#1
Jesus is out & about going about His preaching, teaching and healing and whatnot, and He winds up needing a new robe. So He heads into Jerusalem and stops by Finklestein’s Haberdashery. Finklestein sets Him up with a new robe that fits perfectly and feels great! When Jesus goes to pay the bill, Finklestein tells Him, "I’ll waive the charge if you help me out. Whenever you preach a sermon, perform a miracle, or do anything that attracts a crowd, be sure to mention Finkelstein’s Haberdashery when you do it. Jesus says, “Sounds great! I’ll do it.”
Well, a year goes by and Jesus takes great care to mention Finklestein’s Haberdashery every time He gets a crowd. Well, after a year Jesus needs another robe, so he heads to Jerusalem to visit His old buddy Finkelstein. When He gets to the shop, Jesus notices that there’s a line around the corner! Jesus makes His way in and asks Finkelstein what’s up. Finkelstein says, “Your advertising has sent my business through the roof! I’m doing so well, I want to thank you. Let’s go into business together!”
Jesus says, “Sounds great! Let’s call it Jesus & Finkelstein’s.”
Finkelstein says, “No way. It’s Finkelstein’s & Jesus’!”
Jesus retorts, “I’m the Son of God. I say it’s Jesus & Finkelstein’s!”
Finkelstein responds, “This was my shop to begin with. It’s Finkelstein’s & Jesus’!”
They continue in this vein for several minutes, until they decide to reach a compromise. So the next day the shop re-opens as… Lord & Tailor.
#2
A black guy and a white guy are driving in their car, having and arguement. “Jesus was a white man,” says the white guy. “No, Jesus was a black man,” says the black guy. “He was white!” says the white guy. “No, He was black!” says the black guy.

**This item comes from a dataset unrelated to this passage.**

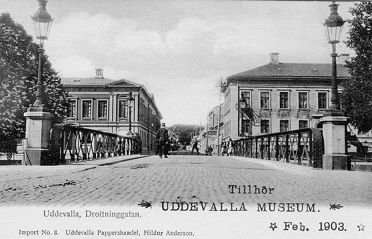 Tryckt text på vykortets framsida: "Uddevalla Drottninggatan".

Their arguement gets so heated that the driver stops paying attention, runs a red light, and BAM!!!… he gets run over by a truck.
The next thing the boys know, they’re standing at The Pearly Gates. St. Peter appears before them and welcomes them in, saying, “Are you ready to meet the Lord Jesus?” They respond in the affirmative, and St. Peter says, “Wait here, I’ll go get Him.” One guy then whispers to the other, “I guess we’re going to find who’s right, huh?”

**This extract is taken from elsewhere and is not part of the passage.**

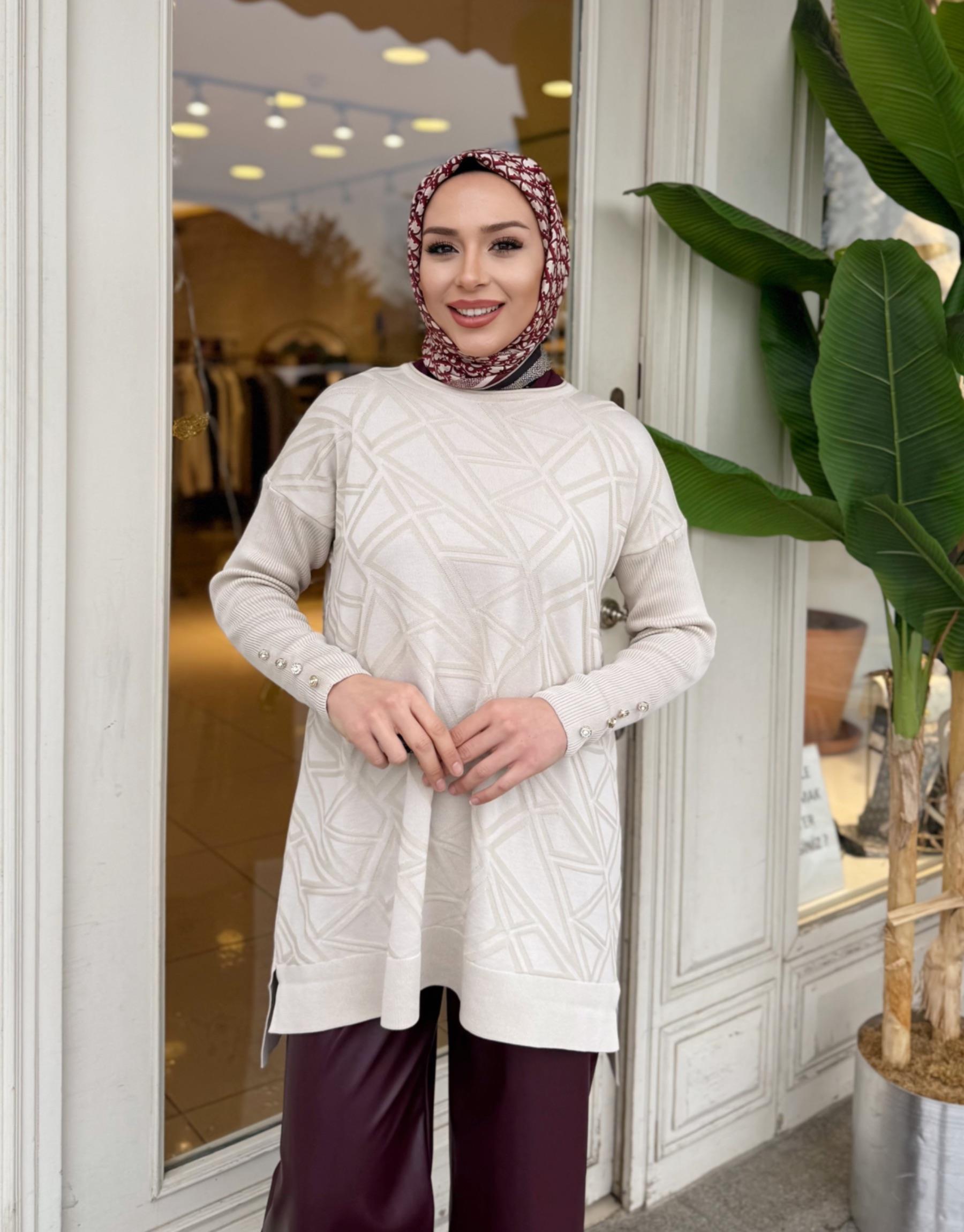 KOL DETAY TRİKO TUNİK BEJ

Instantly a cloud of smoke appears before them, followed by blinding light and a crescendo of trumpets. Their eyes blinded by the light and the smoke, they can only see the outline of the Lord Jesus in the shadows. He appears before them, extends His arms and says… “¡Buenos Días, Amigos!”
#3
An old baptist preacher and a young Presbyterian preacher are the only two preachers in a small town. They’re the best of friends, and they meet every Monday morning at the coffee shop to talk and pray. The OB (old Baptist) drives his car; the YP (young Presbyterian) always rides his beloved bicycle.
One Monday morning, the OB notices that YP has walked to the coffee shop.

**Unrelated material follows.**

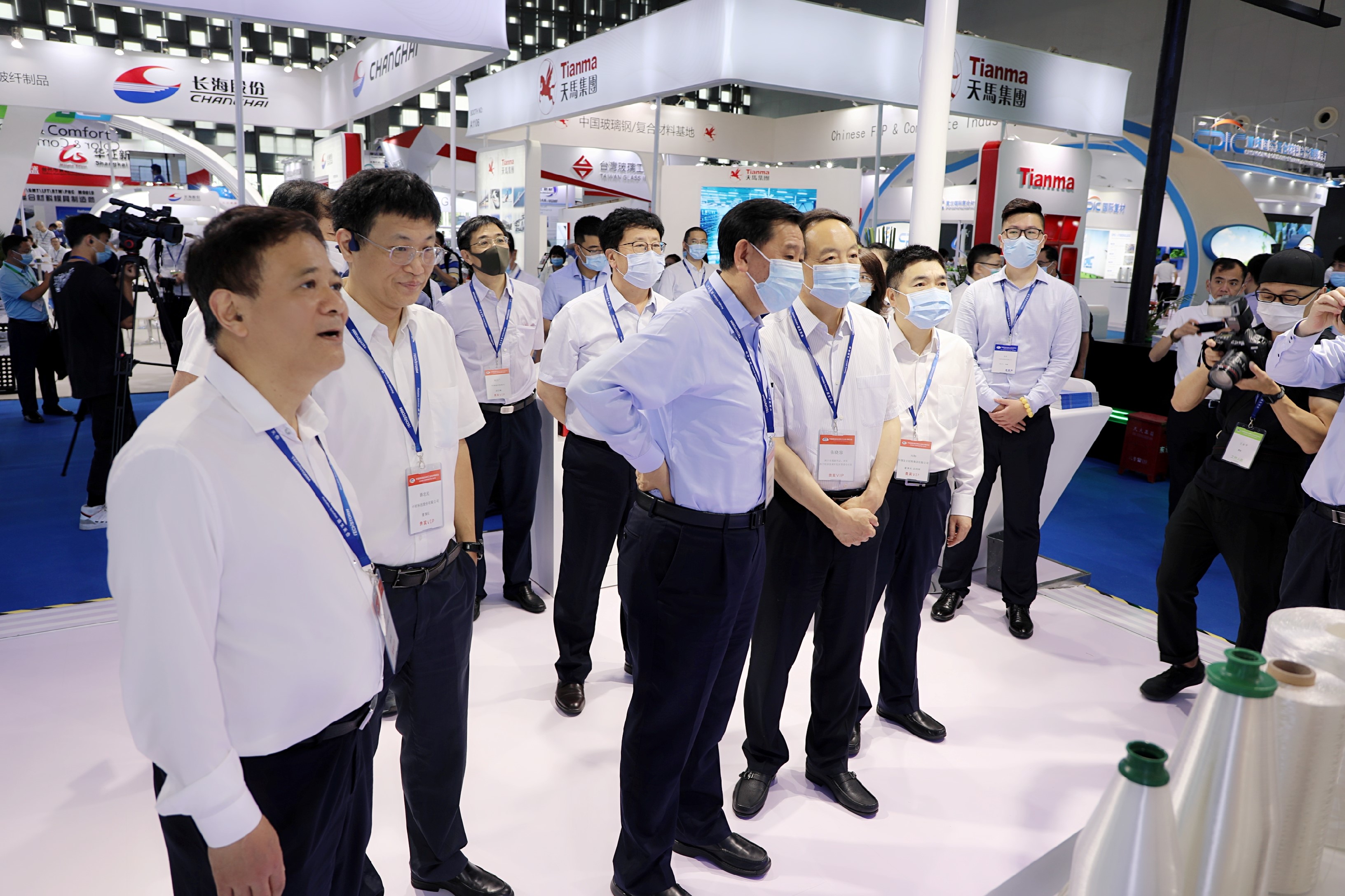 中材科技股份有限公司参加了本届展览会,宣传主题继续突出“新能源、绿色低碳、科技创新”的高新技术企业形象,重点展示了风电叶片、特种玻璃纤维及立体织物、玻纤成套装备、中空复合材料、工程复合材料、氢燃料电池储运、高性能复合材料和汽车复合材料。展会开幕后,中国建材集团副董事长李新华,西宁市委副书记、市长、西宁经济技术开发区管委会主任张晓容到我公司参观展台、听取汇报并慰问现场工作人员,中国复合材料集团有限公司党委书记、董事长兼总经理刘标,公司薛忠民、宋伯庐、赵谦、赵俊山等领导陪同参观。

OB: Son, where is your bicycle?
YP: I believe a member of my congregation has stolen my bicycle.
The OB is furious, and says, “Son, here’s what you gotta do. On Sunday morning, I want you to get up behind that pulpit, and I want you to preach like you ain’t never preached before. That congregation- I want them to feel the fire, to smell the brimstone, and to experience the almighty power of GOD!!! And I want you to preach on every one of them Ten Commandments, and when you get to THOU SHALT NOT STEAL, that theif will feel the conviction of the Holy Spirit, and shall return your bicycle unto you.”
The YP is thrilled, and says, “That’s just what I’ll do, sir.”
Monday morning comes, and the YP shows up at the coffee shop, once again riding his beloved bicycle.
OB: I notice you have your bicycle.
YP: Yes, sir.
OB: Did you do like I told you?
YP: Yes sir, I did.
OB: Tell me what happened, son.
YP: Well, sir, I did just as you said. I got up behind that pulpit, and I preached like I ain’t never preached before. That congregation- they felt the fire, they smelled the brimstone, they experienced the almighty power of GOD!!! And I preached on every one of them Ten Commandments, and when I got to THOU SHALT NOT COMMIT ADULTERY, I remembered where I left my bicycle.